What you write must be the listing below in full, word for word, minus its pictures.

→ Collected material
%%

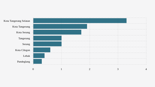 Kota tangerang selatan berada di urutan pertama dengan positivity rate tujuh hari terakhir tertinggi sebesar 3,26 persen. Kondisi positivity rate tujuh hari terakhir di kota ini terlihat belum membaik karena terjadi peningkatan dibandingkan pekan sebelumnya yang tercatat 2,65 persen.
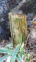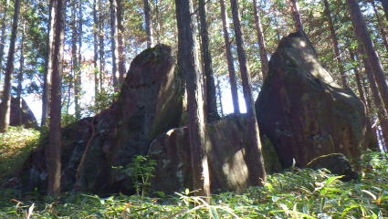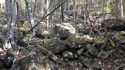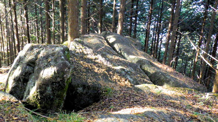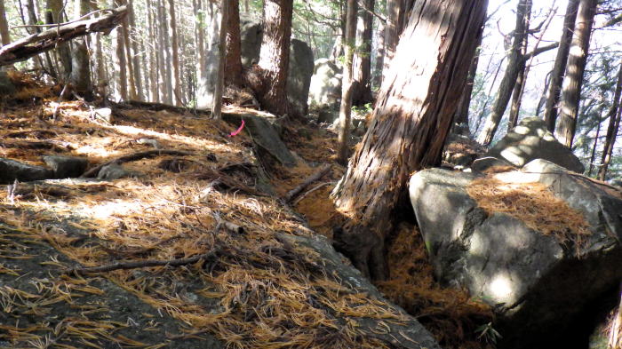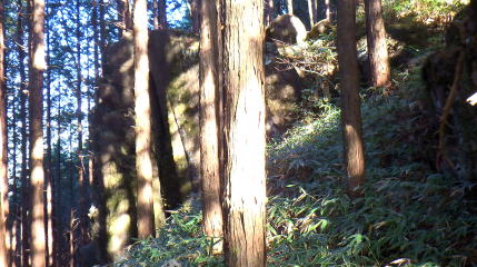 ![]() 杭の近く、手掛岩とおもえる巨岩は、尾根の右にあり、これなら子供が岩上に立てます。 |
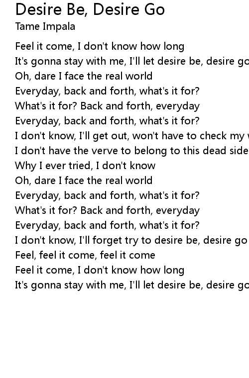 I don't know, I'll forget try to desire be, desire go |

%%

→ Your response
 Kota tangerang selatan berada di urutan pertama dengan positivity rate tujuh hari terakhir tertinggi sebesar 3,26 persen. Kondisi positivity rate tujuh hari terakhir di kota ini terlihat belum membaik karena terjadi peningkatan dibandingkan pekan sebelumnya yang tercatat 2,65 persen.
 ![]() 杭の近く、手掛岩とおもえる巨岩は、尾根の右にあり、これなら子供が岩上に立てます。 |
 I don't know, I'll forget try to desire be, desire go |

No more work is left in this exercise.